• EXERCISE GOAL
In the listing below, find the line containing "Patchwork Flocked Tulle A-line Skirt AF5215" and the line containing "Яд Вашем - Листы". Repeat exactly those two lines and every line between them, nothing more.

• LISTED RECORDS
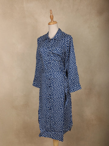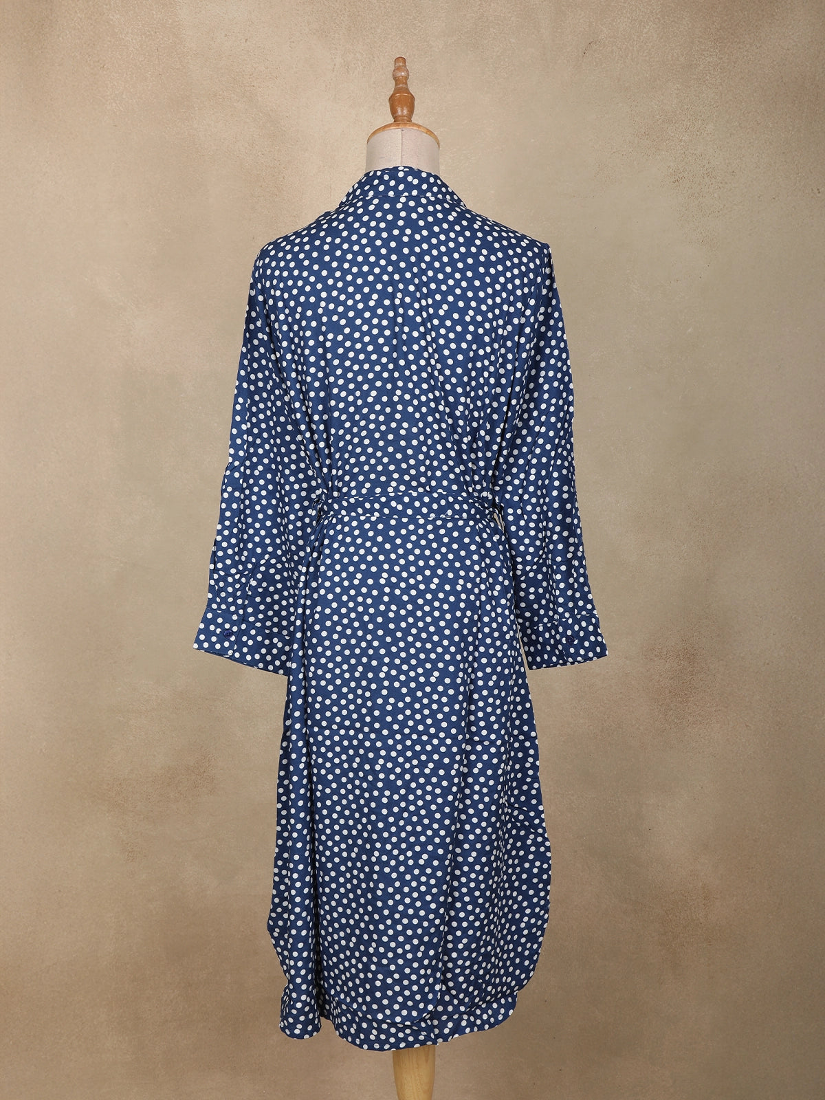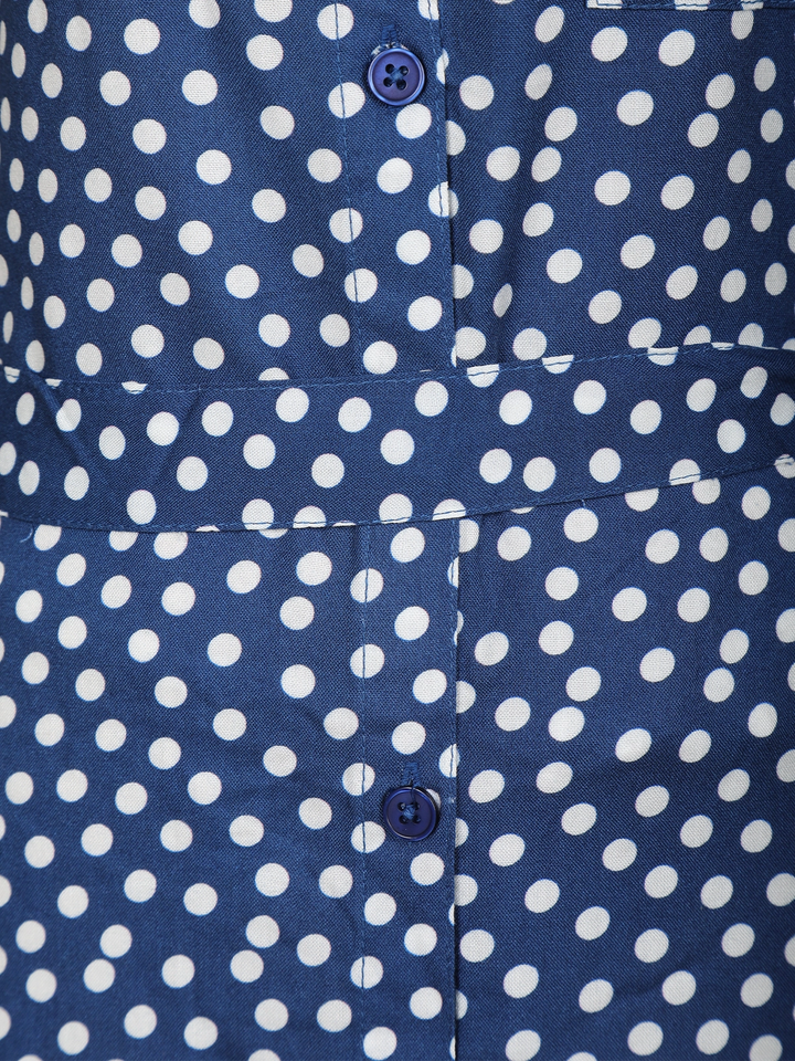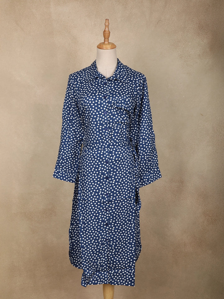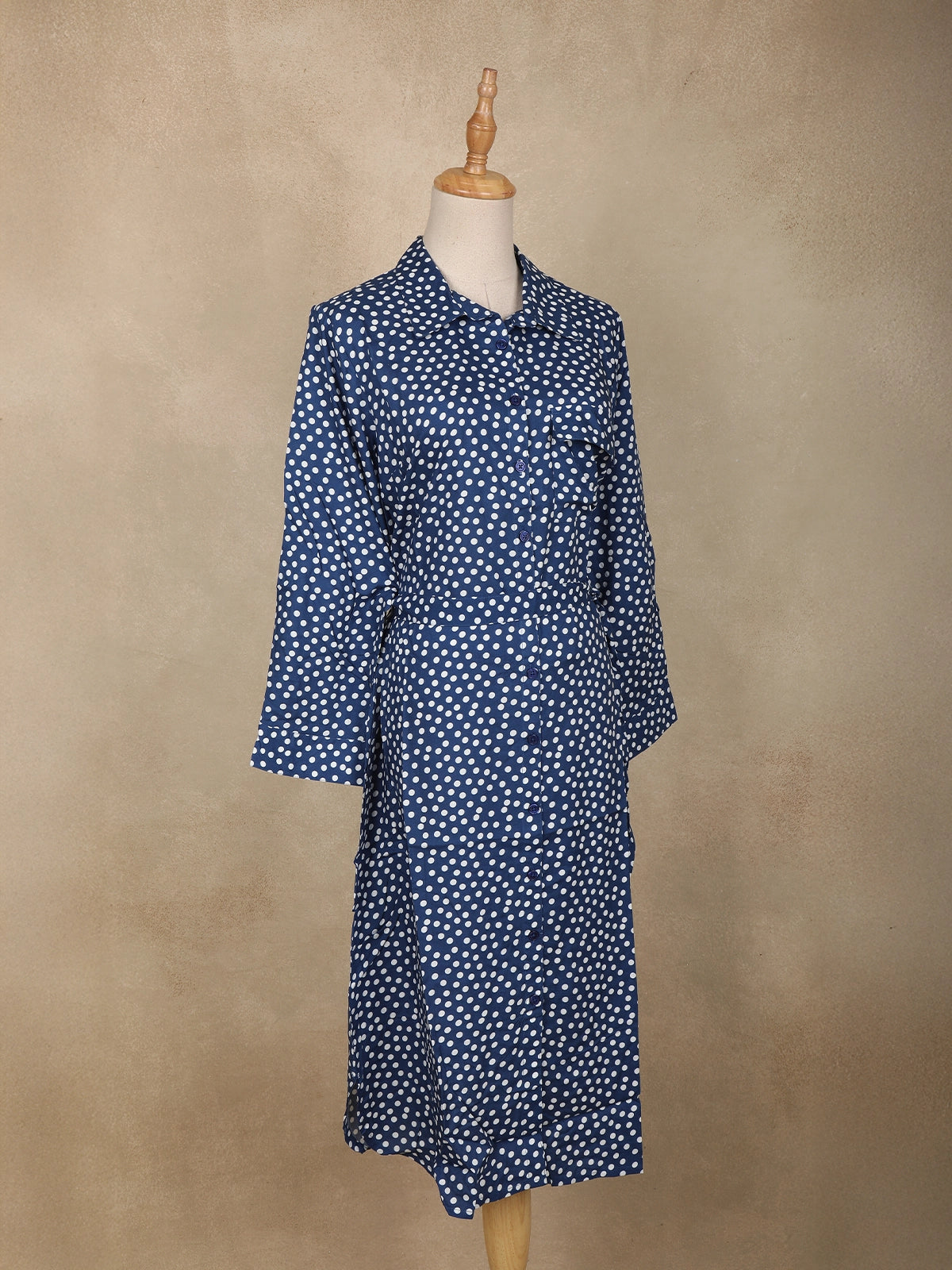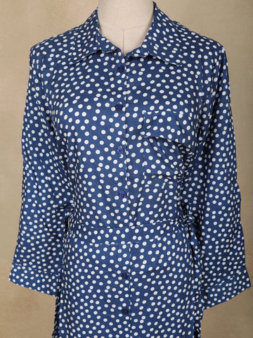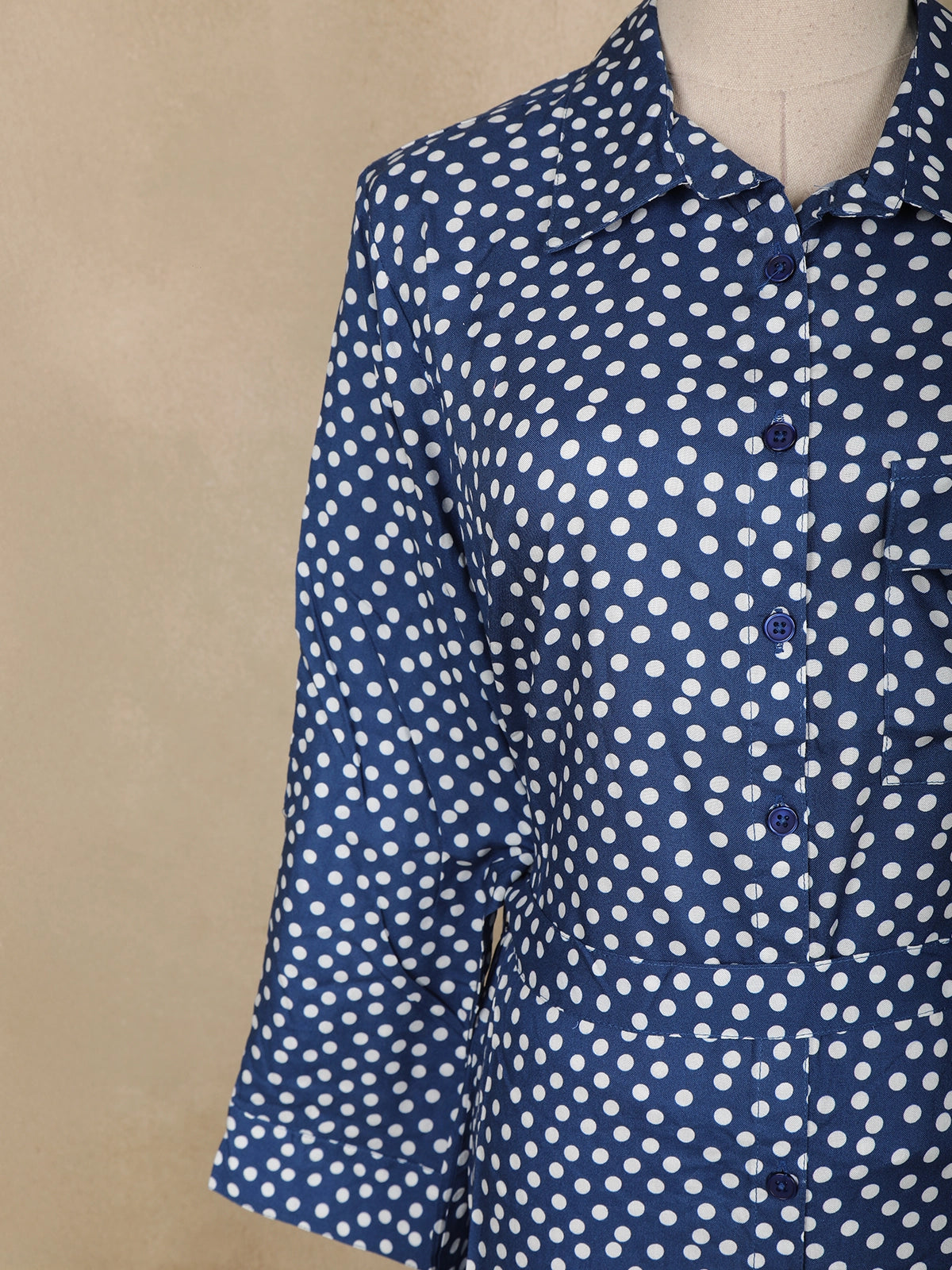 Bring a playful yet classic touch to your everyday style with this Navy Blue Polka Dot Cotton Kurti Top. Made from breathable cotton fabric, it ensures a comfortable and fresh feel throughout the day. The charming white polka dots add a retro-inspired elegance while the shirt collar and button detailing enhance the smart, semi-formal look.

---

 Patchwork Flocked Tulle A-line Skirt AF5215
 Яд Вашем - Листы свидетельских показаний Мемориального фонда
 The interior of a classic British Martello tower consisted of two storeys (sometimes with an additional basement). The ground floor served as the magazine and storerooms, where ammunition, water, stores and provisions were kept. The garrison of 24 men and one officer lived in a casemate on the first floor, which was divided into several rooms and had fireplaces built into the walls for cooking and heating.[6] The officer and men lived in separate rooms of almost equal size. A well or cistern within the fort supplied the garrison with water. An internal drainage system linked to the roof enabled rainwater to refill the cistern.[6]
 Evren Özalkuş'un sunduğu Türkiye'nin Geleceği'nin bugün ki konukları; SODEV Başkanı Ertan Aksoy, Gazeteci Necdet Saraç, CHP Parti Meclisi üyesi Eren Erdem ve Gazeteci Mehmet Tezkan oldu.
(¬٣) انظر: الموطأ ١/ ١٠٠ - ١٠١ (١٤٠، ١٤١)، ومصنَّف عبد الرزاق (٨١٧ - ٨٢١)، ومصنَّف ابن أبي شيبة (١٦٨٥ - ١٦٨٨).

• RESPONSE BELOW
 Patchwork Flocked Tulle A-line Skirt AF5215
 Яд Вашем - Листы свидетельских показаний Мемориального фонда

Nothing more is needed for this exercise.